Black People : The Impossible Victory: Vietnam excerpted from a People's History of the United State


Mar 8, 2006
The Impossible Victory: Vietnam
excerpted from a
People's History of the United States
by Howard Zinn

On March 16, 1968, a company of American soldiers went into the hamlet of My Lai 4, in Quang Ngai province. They rounded up the inhabitants, including old people and women with infants in their arms. These people were ordered into a ditch, where they were methodically shot to death by American soldiers. The testimony of James Dursi, a rifleman, at the later trial of Lieutenant William Calley, was reported in the New York Times:
Lieutenant Calley and a weeping rifleman named Paul D. Meadlo the same soldier who had fed candy to the children before shooting them-pushed the prisoners into the ditch...
"There was an order to shoot by Lieutenant Calley, I can't remember the exact words-it was something like 'Start firing.' "Meadlo turned to me and said: 'Shoot, why don't you shoot?'
"He was crying. "I said, 'I can't.
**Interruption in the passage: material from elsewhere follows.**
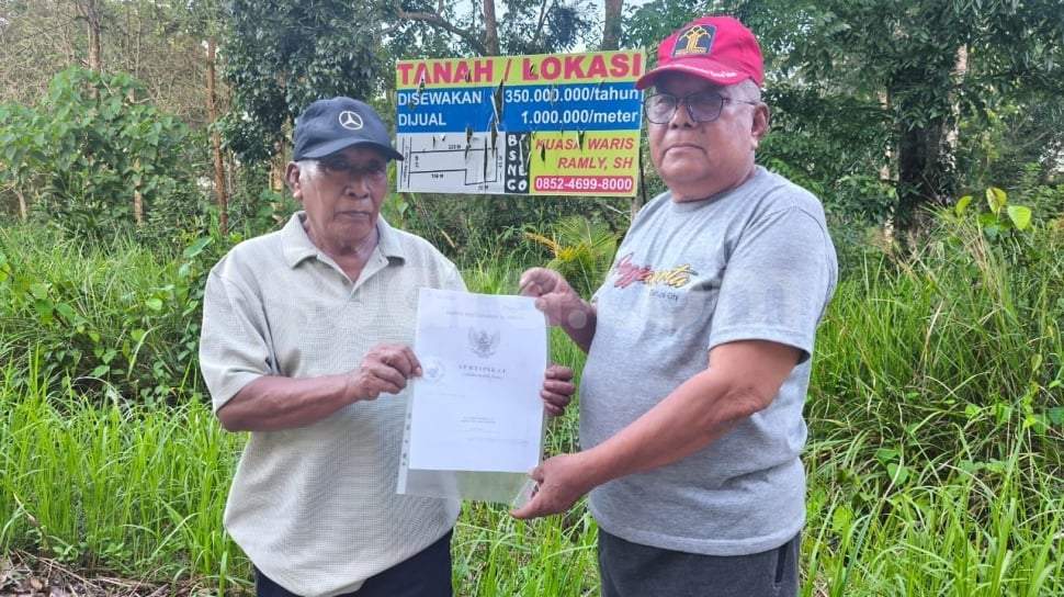 HM Arif AR (kiri) dan Aziz Akbar (kanan) saat memperlihatkan salah satu surat tanah yang dimiliki warga. [SuaraKaltim.id/Yuliharto Simon]

I won't.'
"Then Lieutenant Calley and Meadlo pointed their rifles into the ditch and fired.
"People were diving on top of each other; mothers were trying to protect their children...."
Journalist Seymour Hersh, in his book My Lai 4, writes:
"When Army investigators reached the barren area in November, 1969, in connection with the My Lai probe in the United States, they found mass graves at three sites, as well as a ditch full of bodies. It was estimated that between 450 and 500 people-most of them women, children and old men- had been slain and buried there."
The army tried to cover up what happened. But a letter began circulating from a GI named Ron Ridenhour, who had heard about the massacre. There were photos taken of the killing by an army photographer, Ronald Haeberle. Seymour Hersh, then working for an antiwar news agency in Southeast Asia called Dispatch News Service, wrote about it. The story of the massacre had appeared in May 1968 in two French publications, one called Sud Vietnam en Lutte, and another published by the North Vietnamese delegation to the peace talks in Paris-but the American press did not pay any attention.
Several of the officers in the My Lai massacre were put on trial, but only Lieutenant William Calley was found guilty. He was sentenced to life imprisonment, but his sentence was reduced twice; he served three years-Nixon ordered that he be under house arrest rather than a regular prison-and then was paroled. Thousands of Americans came to his defense. Part of it was in patriotic justification of his action as necessary against the "Communists." Part of it seems to have been a feeling that he was unjustly singled out in a war with many similar atrocities. Colonel Oran Henderson, who had been charged with covering up the My Lai killings, told reporters in early 1971: "Every unit of brigade size has its My Lai hidden someplace."